Por meio da Coordenadoria Nacional de Promoção de Igualdade de Oportunidade e Eliminação da Discriminação no Trabalho (Coordigualdade), o MPT-RJ faz 14 recomendações à Rede Globo de Televisão, depois de denúncia de desrespeito ao Estatuto da Igualdade Racial. Em uma delas, o órgão fluminense sugere a “observância dos princípios orientadores do Estado Democrático de Direito, entre estes a proibição de discriminação (artigos 3º e 5º da CRFB/88), traduzida de forma específica em relação às produções dos meios de comunicação nos artigos 43 e 44 da Lei nº 12.288, de 20 de julho de 2010 – Estatuto da Igualdade Racial”.
PublicidadeSegundo o ofício, a Globo tem dez dias, a partir desta sexta-feira (11), para comprovar nos autos do processo quais foram as “medidas adotadas em relação à participação de atores e atrizes negros e negras na novela Segundo Sol”. Segundo os seis procuradores e procuradoras do Trabalho que subscrevem a notificação, poderá se configurar “inobservância de norma de ordem pública” em caso de descumprimento das recomendações.

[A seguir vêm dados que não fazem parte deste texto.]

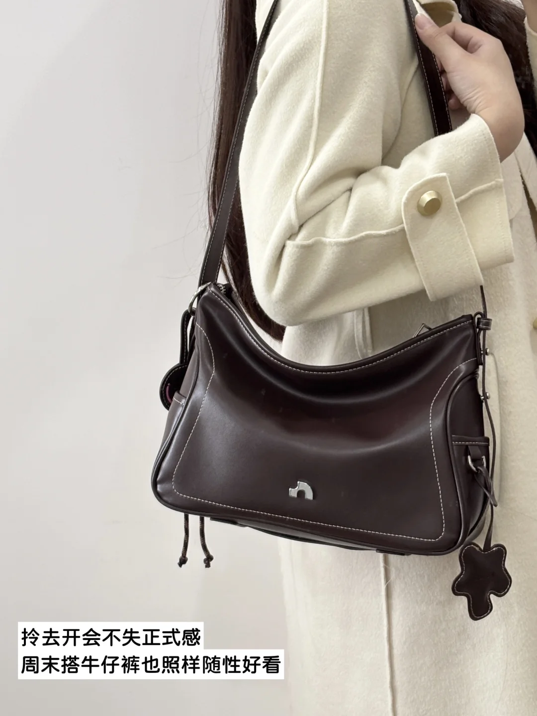 款式我大多会买经典百搭款,像黑白、棕色、米色这类稳妥,随便搭衣服都不出错,背几年依旧大方得体。

Caso isso aconteça, o MPT-RJ poderá “convocar a empresa recalcitrante para prestar esclarecimentos em audiência e, eventualmente, firmar termo de compromisso de ajustamento de conduta, previsto na Lei 7.347/85, art. 5º e 6º, ou propor ação judicial cabível, visando à defesa da ordem jurídica e de interesses sociais e individuais indisponíveis”.
O MPT-RJ pede que a Globo, em caráter imediato, produza um censo de trabalhadores a serviço da empresa, sejam eles empregados ou prestadores de serviço, para que sejam identificados percentuais de raça/cor e gênero, com indicadores a respeito dos cargos de gerência e diretorias. Os procuradores também solicitam levantamento detalhado sobre a quantidade de pessoas negras na emissora e em exibição em telenovelas, séries, programas de entretenimento e propagandas, entre outros conteúdos produzidos pelo grupo de comunicação. O órgão também quer saber quantos são os jornalistas e comentaristas negros em atuação na empresa.
Ainda segundo o MPT-RJ, foi o grupo de Trabalho de Raça, da Coordigualdade, que identificou a não observância do respeito à representatividade negra por parte da novela, em afronta às normas de promoção da igualdade vigentes não só na Bahia, mas também no Rio de Janeiro, sede da emissora. “Decidimos expedir essa nota, com o fim de mostrar a importância de a empresa respeitar a diversidade racial. Apesar de ser uma obra artística e uma obra aberta, consideramos que ela tem como obrigação incluir atores negros em proporção suficiente para uma real representação da sociedade”, pondera a coordenadora nacional da Coordigualdade, Valdirene Silva de Assis, que encabeça a lista de signatários da notificação recomendatória.
Ficção racial
Protagonizada pelos atores Emílio Dantas, Vladmir Brichta, Giovana Antonelli, Deborah Secco e Adriana Esteves, todos brancos, a novela de autoria de João Emanuel Carneiro conta a história de um cantor de axé que é dado como morto após a queda de um avião. O principal conflito da trama consiste no fato de que o protagonista, Emílio Dantas, é convencido a não dizer a verdade sobre o que aconteceu e assumir uma nova identidade em uma localidade distante do litoral baiano, onde formará um par romântico – e branco – com a personagem de Giovana Antonelli.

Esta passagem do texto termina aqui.